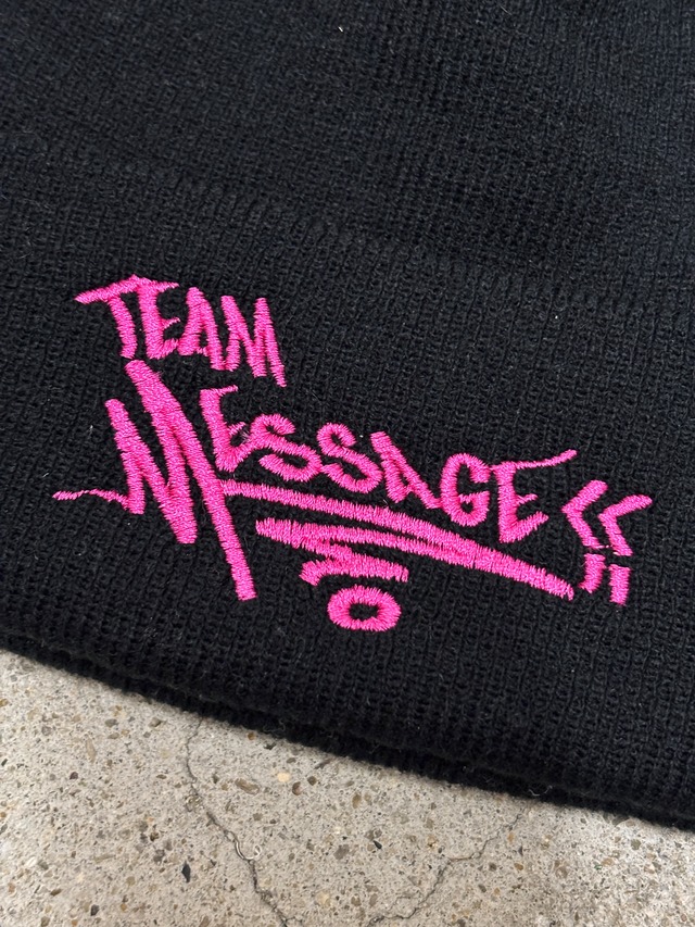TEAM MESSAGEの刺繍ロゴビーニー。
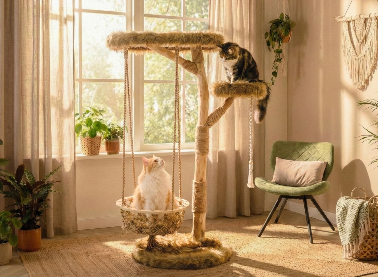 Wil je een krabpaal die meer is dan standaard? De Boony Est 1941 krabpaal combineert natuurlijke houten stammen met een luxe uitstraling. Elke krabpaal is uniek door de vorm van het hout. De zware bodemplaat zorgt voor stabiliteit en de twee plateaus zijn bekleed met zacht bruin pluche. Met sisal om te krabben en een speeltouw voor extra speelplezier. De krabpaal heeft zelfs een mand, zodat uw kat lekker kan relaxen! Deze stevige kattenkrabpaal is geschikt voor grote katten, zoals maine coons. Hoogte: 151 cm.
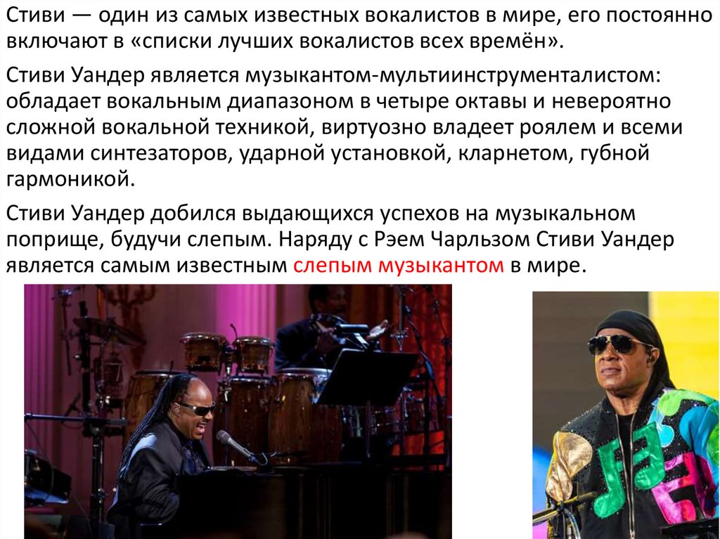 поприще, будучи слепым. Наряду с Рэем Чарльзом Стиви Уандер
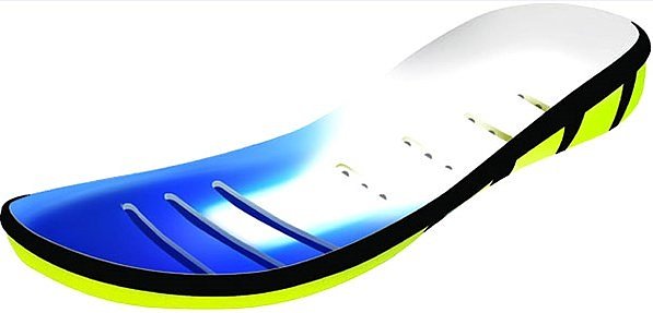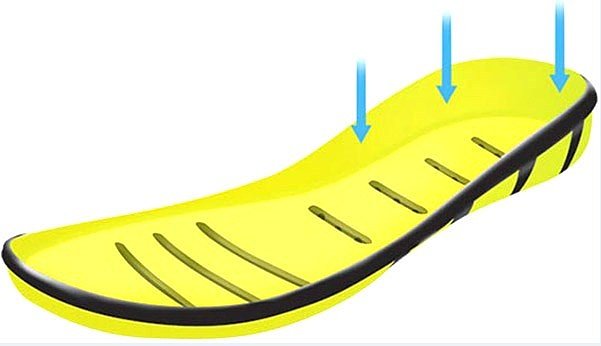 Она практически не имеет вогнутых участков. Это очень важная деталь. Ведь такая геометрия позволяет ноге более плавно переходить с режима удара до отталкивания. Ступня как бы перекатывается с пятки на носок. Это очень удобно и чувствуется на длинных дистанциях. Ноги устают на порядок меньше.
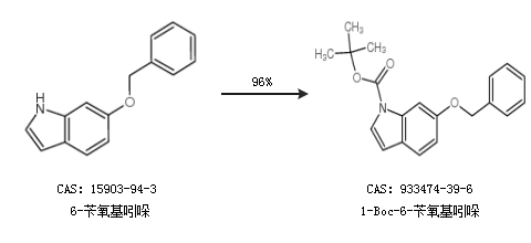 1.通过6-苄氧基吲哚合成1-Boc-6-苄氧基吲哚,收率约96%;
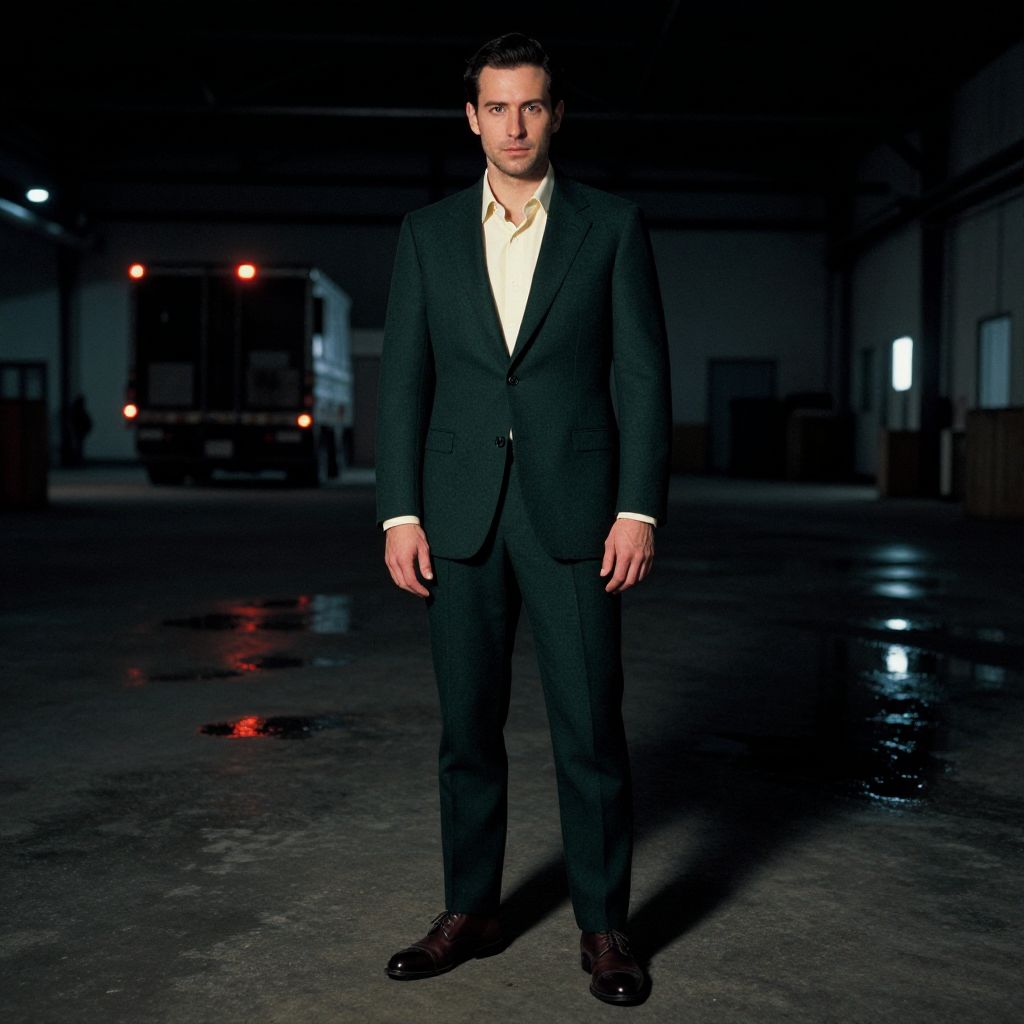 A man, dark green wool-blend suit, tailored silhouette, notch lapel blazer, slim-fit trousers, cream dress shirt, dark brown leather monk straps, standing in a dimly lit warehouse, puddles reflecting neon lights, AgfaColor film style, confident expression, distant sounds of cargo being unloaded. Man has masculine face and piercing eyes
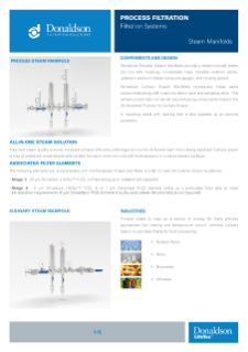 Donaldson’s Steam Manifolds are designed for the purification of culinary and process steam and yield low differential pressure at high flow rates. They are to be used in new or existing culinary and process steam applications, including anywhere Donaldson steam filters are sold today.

* * * *

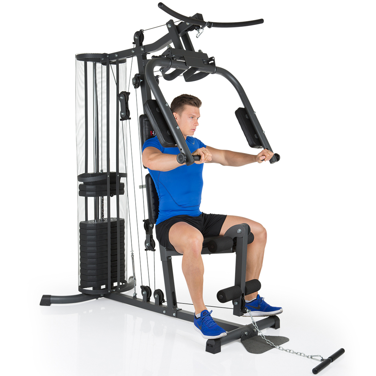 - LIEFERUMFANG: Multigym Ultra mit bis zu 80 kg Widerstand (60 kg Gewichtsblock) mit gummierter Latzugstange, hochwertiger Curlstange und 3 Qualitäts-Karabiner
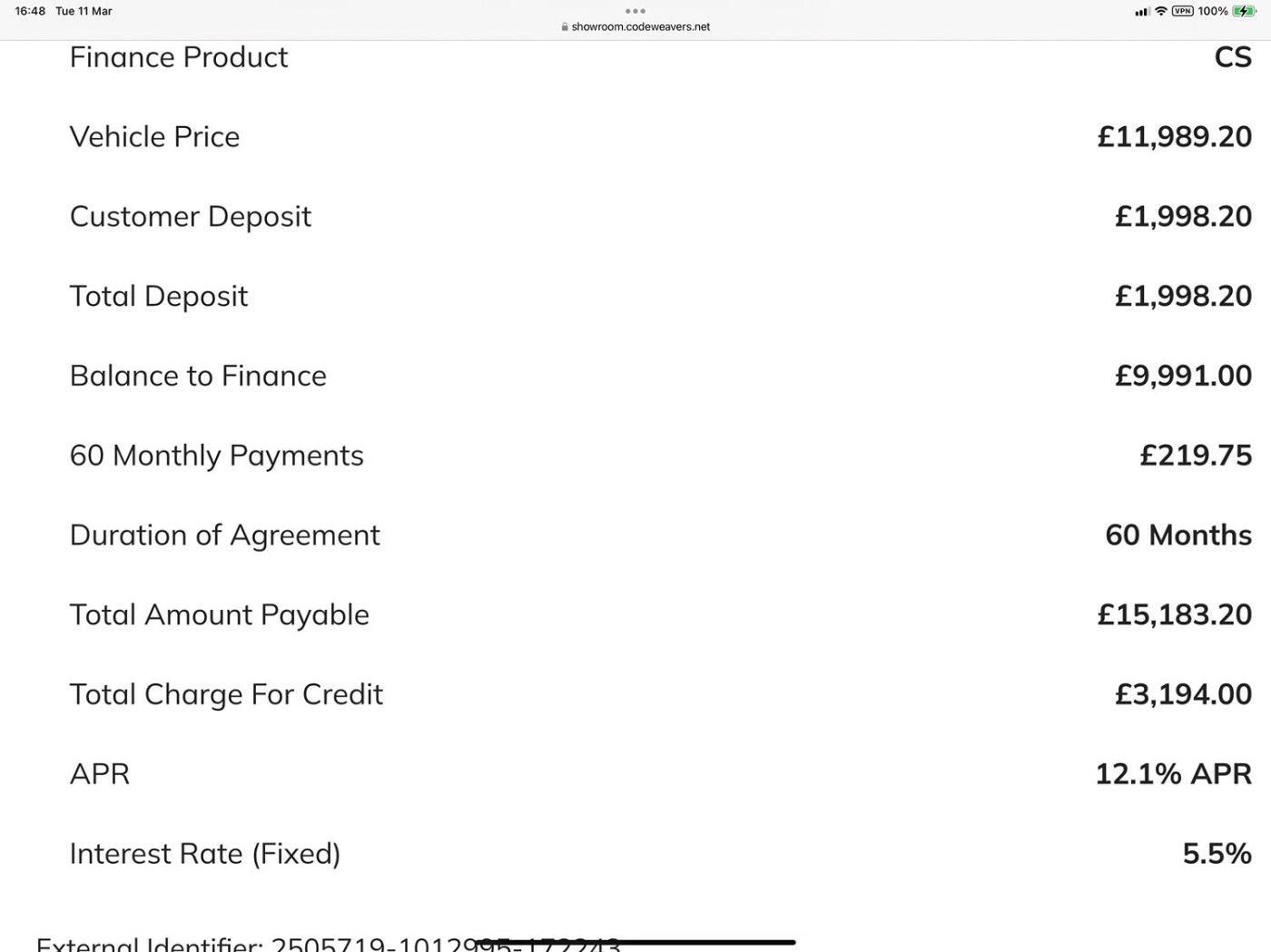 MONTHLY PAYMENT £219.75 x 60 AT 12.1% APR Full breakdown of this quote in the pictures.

* * * *

■ The task
Using the records above, print exactly the lines between the ones containing "поприще, будучи слепым." and "Она практически не", inclusive, and nothing else; no pictures.

■ Written answer
 поприще, будучи слепым. Наряду с Рэем Чарльзом Стиви Уандер
 Она практически не имеет вогнутых участков. Это очень важная деталь. Ведь такая геометрия позволяет ноге более плавно переходить с режима удара до отталкивания. Ступня как бы перекатывается с пятки на носок. Это очень удобно и чувствуется на длинных дистанциях. Ноги устают на порядок меньше.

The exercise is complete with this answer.